Fortunately, Wednesday and Enid, in Enid and Wednesday form, arrive. Wednesday’s inside Enid’s body when it fully wolfs out, looking a lot like G’mork from The Never-ending Story. In the chaos that ensues, Agnes screws with the big sci-fi machine Isaac designed to remove outcast powers like his sister’s terminal Hyde condition. Everyone escapes before the place blows.
In the end, the two did uncover their deepest secrets, as they reveal on Rotwood’s enchanted grave. Enid discovered how much she admires Wednesday’s fearlesness, while Wednesday realized that Enid’s relentless kindness is a strength, not a weakness.

Anyway, Weems says that all of this has somehow short-circuited Wednesday’s season-long premonition that Enid will die — I guess it had something to do with the body swap, idk — but now an Addams will take her place. The question is only which one. (Well, that and how permanent it could possibly be.)
But look, the star attraction here isn’t any of that convoluted mumbo jumbo. It’s Jenna Ortega doing her best Emma Myers impression, and Emma Myers doing her best impression of Jenna Ortega. I’ve written things like “clearly this actor is having a blast” before, but I’ve rarely seen anything quite like this. The overwhelming impression you get is that of two friends completely taking the piss out of each other, with Myers skewering Ortega’s monotone downcast delivery and Ortega riffing on Myers’s relentless OMG-you-guys perkiness. They make this work so well for the duration of the episode that I almost wish it were the full-scale premise of the season, or at least a story arc.

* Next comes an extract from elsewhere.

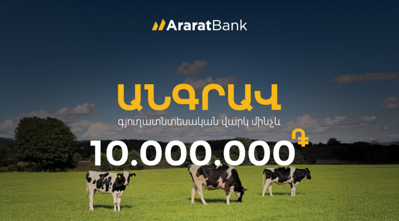 Օգտվե՛ք ԱրարատԲանկի՝ անգրավ գյուղատնտեսական վարկի առաջարկից, որը մշակվել է տարվա այս շրջանում վարկառուների կարիքներն ու զարգացման հնարավորությունները հաշվի առնելով։

I do have one regret, though, and it’s real inception-level stuff. When Enid is inside Wednesday, she frequently tries to act more like Wednesday in order to fool people. In real-world terms, this means you get to see the actor behind Wednesday pretending to be the actor behind Enid pretending to be the actor behind Wednesday. But when Wednesday inhabits Enid, she stays in pretty much the regular Wednesday the whole time and never pretends to be perky. So you don’t get to see the reverse — Emma Myers pretending to be Jenna Ortega pretending to be Emma Myers — and that’s a shame.